● DATA PROVIDED

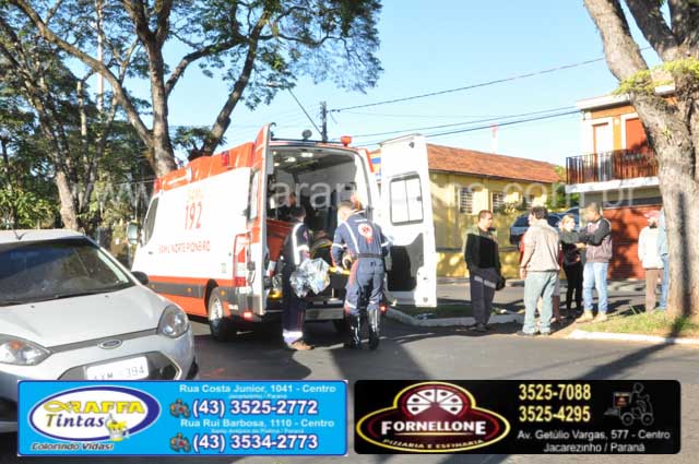 Um acidente ocorrido por volta das 08:30, desta terça 10, envolvendo uma motocicleta Honda CB 300, e um VW Gol ambos placas de Jacarezinho, deixou duas pessoas feridas no centro de Jacarezinho.
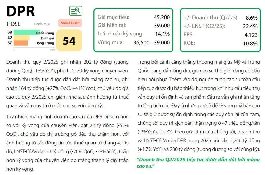 Kết quả kinh doanh của DPR trong năm 2025 được dự báo sẽ tăng trưởng nhờ vào xu hướng ổn định của giá cao su. Trong kịch bản cơ sở, doanh thu và lợi nhuận sau thuế của DPR có thể đạt khoảng 1.208 tỷ đồng, tăng 12,4% so với năm trước, và 295 tỷ đồng, tăng 8% so với năm trước. Dự báo này dựa trên các giả định rằng giá cao su sẽ vẫn ổn định do nguồn cung thiếu hụt, mảng thanh lý cây sẽ mang lại lợi nhuận ổn định, và DPR sẽ nhận được tiền đền bù từ dự án Tiến Hưng 1.
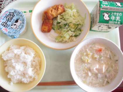 今日の献立は、ご飯、牛乳、ちくわのカレー揚げ、あわせ和え、豆乳汁、ヨーグルトです。豆乳汁には白菜やねぎなどの野菜がたくさん入っていて美味しかったです。
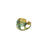 The Cassia Ring carries the elegance of old-world treasures with a modern edge. Its sculptural brass band, finished with a green patina, glows with vintage character. Sparkling white crystals sit within the textured openwork design, adding light and refinement to the bold silhouette. A timeless piece of wearable art, equally striking on its own or paired with its matching earrings.

● WORK TASK
Please reproduce each line of the listing above exactly, skipping pictures.

● WRITTEN SOLUTION
 Um acidente ocorrido por volta das 08:30, desta terça 10, envolvendo uma motocicleta Honda CB 300, e um VW Gol ambos placas de Jacarezinho, deixou duas pessoas feridas no centro de Jacarezinho.
 Kết quả kinh doanh của DPR trong năm 2025 được dự báo sẽ tăng trưởng nhờ vào xu hướng ổn định của giá cao su. Trong kịch bản cơ sở, doanh thu và lợi nhuận sau thuế của DPR có thể đạt khoảng 1.208 tỷ đồng, tăng 12,4% so với năm trước, và 295 tỷ đồng, tăng 8% so với năm trước. Dự báo này dựa trên các giả định rằng giá cao su sẽ vẫn ổn định do nguồn cung thiếu hụt, mảng thanh lý cây sẽ mang lại lợi nhuận ổn định, và DPR sẽ nhận được tiền đền bù từ dự án Tiến Hưng 1.
 今日の献立は、ご飯、牛乳、ちくわのカレー揚げ、あわせ和え、豆乳汁、ヨーグルトです。豆乳汁には白菜やねぎなどの野菜がたくさん入っていて美味しかったです。
 The Cassia Ring carries the elegance of old-world treasures with a modern edge. Its sculptural brass band, finished with a green patina, glows with vintage character. Sparkling white crystals sit within the textured openwork design, adding light and refinement to the bold silhouette. A timeless piece of wearable art, equally striking on its own or paired with its matching earrings.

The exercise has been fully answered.